不安気にアーサーを見つめるロゼリアに、彼が微笑む。
「そうだな。ずっと君を僕の手元に閉じ込めておこうかな」
「えっ?」
想像の斜め上を行く彼の返答に、ロゼリアは全身から血の気が引くのを感じた。
「そんなこと、できるはずがありませんわ。イライアス様やお父様が探しに来てくださるはずです」
「僕は、手段は選ばないんだ。そんなことをしたくはないけれどね」
アーサーがにっこりと笑う。
「せっかくまた会えた君には、できれば自由に過ごして欲しい。こういう店に来て食事をしたり、さっきのように服を選んだりしてさ。

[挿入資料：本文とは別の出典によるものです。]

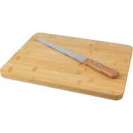 Deska do krojenia chleba, zawiera ząbkowany nóż do krojenia chleba wykonany ze stali nierdzewnej, doskonale sprawdzi się jako element wyposażenia każdej kuchni, produkt wykonany z bambusa
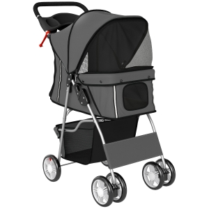 PawHut Carrito para Perros Pequeños con Cesta de Almacenaje Portavasos Ruedas y Cojín Lavable 77x44x102 cm Negro
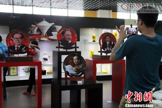 4月19日,在中国广西北流国际陶瓷贸易城,主席像艺术瓷吸引观展民众眼光。
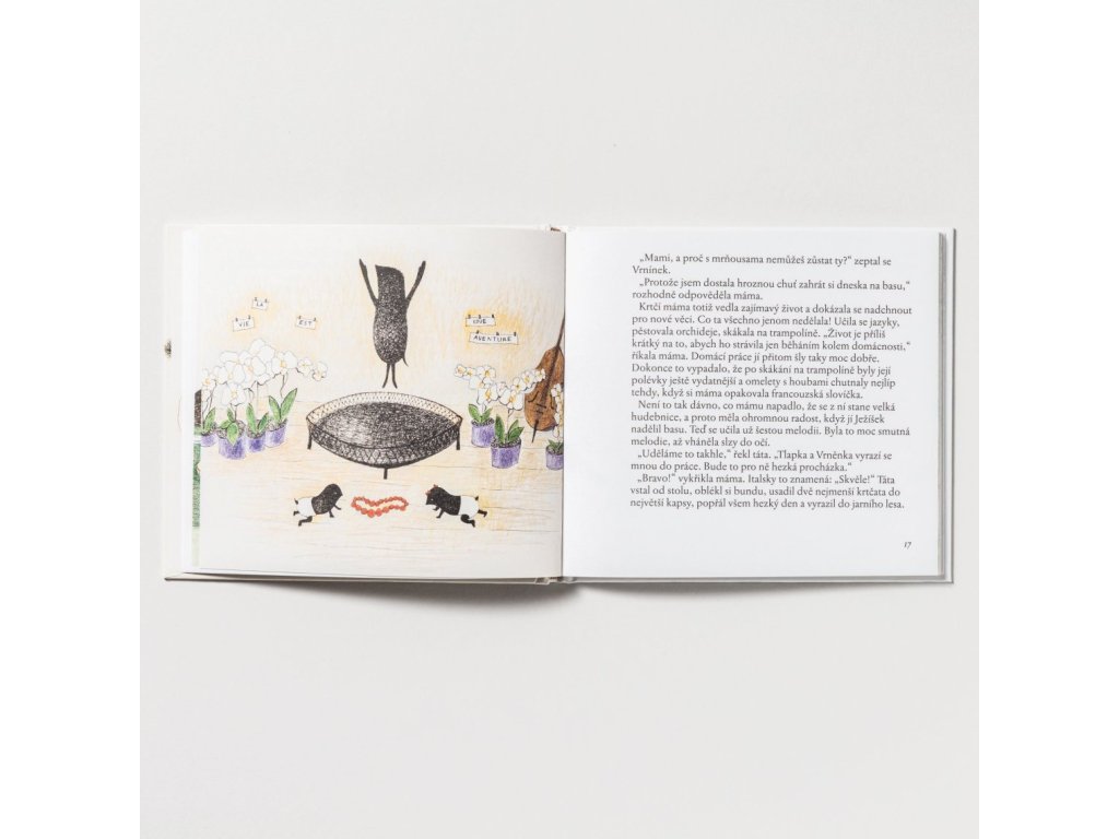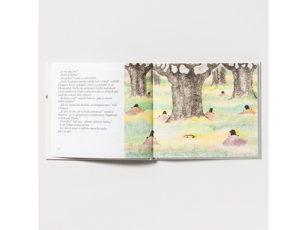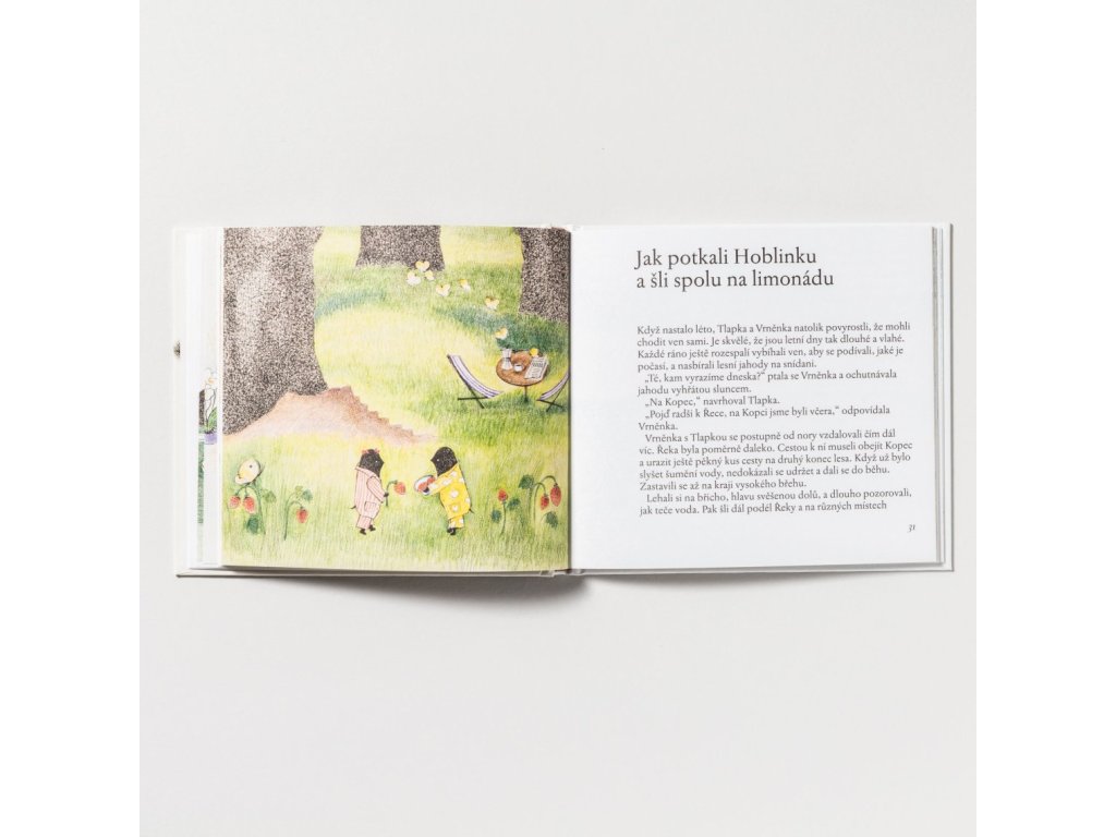 Tak se Vrněnka s Tlapkou začnou rozkoukávat po světě. A ať je jaro, léto, nebo podzim, je pořád co vidět: třeba modrou kouli, z níž se vylíhne pták, krtka, co se topí v řece (a potřebuje zachránit) nebo malou zaječici, které se ztratila maminka... A taky sníh, když se zrovna začne sypat. Příběh o tom, jak je dobré mít kamarády a pomáhat všem, co to potřebují, je určen čtenářům (i nečtenářům) od pěti let.

僕を選んでくれるなら、いくらでも贅沢をさせてあげるし、大切にすると約束するよ」
ロゼリアは言葉を失っていた。ぞわりと嫌な感覚が背筋を駆け抜ける。
「リュシーと過ごせるなら、君の家の借金だって棒引きにするし、君の家の品物だって優先して扱っていくつもりだ。クラン伯爵家にとっても、悪い話ではないと思うよ」
「……私の名前は、ロゼリアです」
何気なく前世の愛称を呼ばれて、思わず言葉を返したロゼリアに、アーサーは不思議そうに言った。

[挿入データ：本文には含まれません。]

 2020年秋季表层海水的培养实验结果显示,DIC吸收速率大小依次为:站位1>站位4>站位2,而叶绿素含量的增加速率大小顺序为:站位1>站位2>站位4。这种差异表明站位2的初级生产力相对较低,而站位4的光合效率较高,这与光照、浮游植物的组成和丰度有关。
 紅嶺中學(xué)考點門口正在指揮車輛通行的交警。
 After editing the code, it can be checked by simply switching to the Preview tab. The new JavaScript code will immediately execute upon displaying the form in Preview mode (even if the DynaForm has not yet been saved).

「気に障ったなら謝るよ。でも、僕にとっての君はリュシーでもあるから」
(アーサー様には、前世の私しか見えていないのでしょうね)
アーサーはイライアスとは違うとロゼリアは思った。イライアスは、前世のリュシリエールの存在を認めながらも、今のロゼリアのことを見てくれる。そのことが、ロゼリアには嬉しかったのだ。
しばらく経って、デザートが運ばれてきた。二人が食後のコーヒーを飲んでいる時、アーサーは顔色の悪いロゼリアを見つめた。

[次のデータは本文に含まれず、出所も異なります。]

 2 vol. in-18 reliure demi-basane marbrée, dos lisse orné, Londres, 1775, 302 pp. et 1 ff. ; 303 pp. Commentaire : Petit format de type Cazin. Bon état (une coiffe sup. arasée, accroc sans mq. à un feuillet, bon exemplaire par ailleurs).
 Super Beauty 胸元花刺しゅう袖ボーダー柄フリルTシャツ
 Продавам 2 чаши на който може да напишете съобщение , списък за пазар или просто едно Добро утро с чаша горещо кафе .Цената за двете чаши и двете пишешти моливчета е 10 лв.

「ちょっと脅かしすぎたかな、ごめんね。でも、君にはどうしても僕を選んで欲しくて」
必死な表情をしたアーサーから、ロゼリアは困ったように視線を逸らすと庭を眺めた。
(どうして、こんなことに……)
月明かりに淡く照らされた庭を眺めた彼女の目が、はっと瞠られる。ロゼリアはコーヒーのカップをソーサーに置くと、顔を上げてアーサーを見つめた。
「この後、庭に出てもいいですか?」
「いい考えだね。一緒に散歩でもしようか」
アーサーの口元が綻ぶ。二人が並んで庭に出ると、ロゼリアはアーサーを見つめた。
「ごめんなさい。私はアーサー様を選ぶことはできません」
「……考え直すつもりはないかい?」
「ありません。私はイライアス様の妻ですから」
ロゼリアの声に応えるかのように、庭の茂みからイライアスが姿を現した。ガラス越しに店内にいるロゼリアに合図をした彼に、彼女はさっき気付いたのだ。
アーサーが彼を見て顔を顰める。
「いつからここに?」
「ついさっきだよ。ロゼリアを迎えに来たのだが、店の者に言っても店内に入れてもらえなかったから、仕方なく庭から入ったんだ。……ロゼリアに何をした?」
ロゼリアを背に庇ったイライアスの目が、鋭く細められる。アーサーは一つ溜息を吐いた。
「……彼女には、まだ何もしていませんよ」
イライアスはロゼリアを振り返ると、手を差し出した。
「帰ろう、ロゼリア」
「はい」
手を取り合って去っていく二人の姿をしばらく眺めていたアーサーは、苛立った顔で店内に戻ると、店の男性に一言耳打ちした。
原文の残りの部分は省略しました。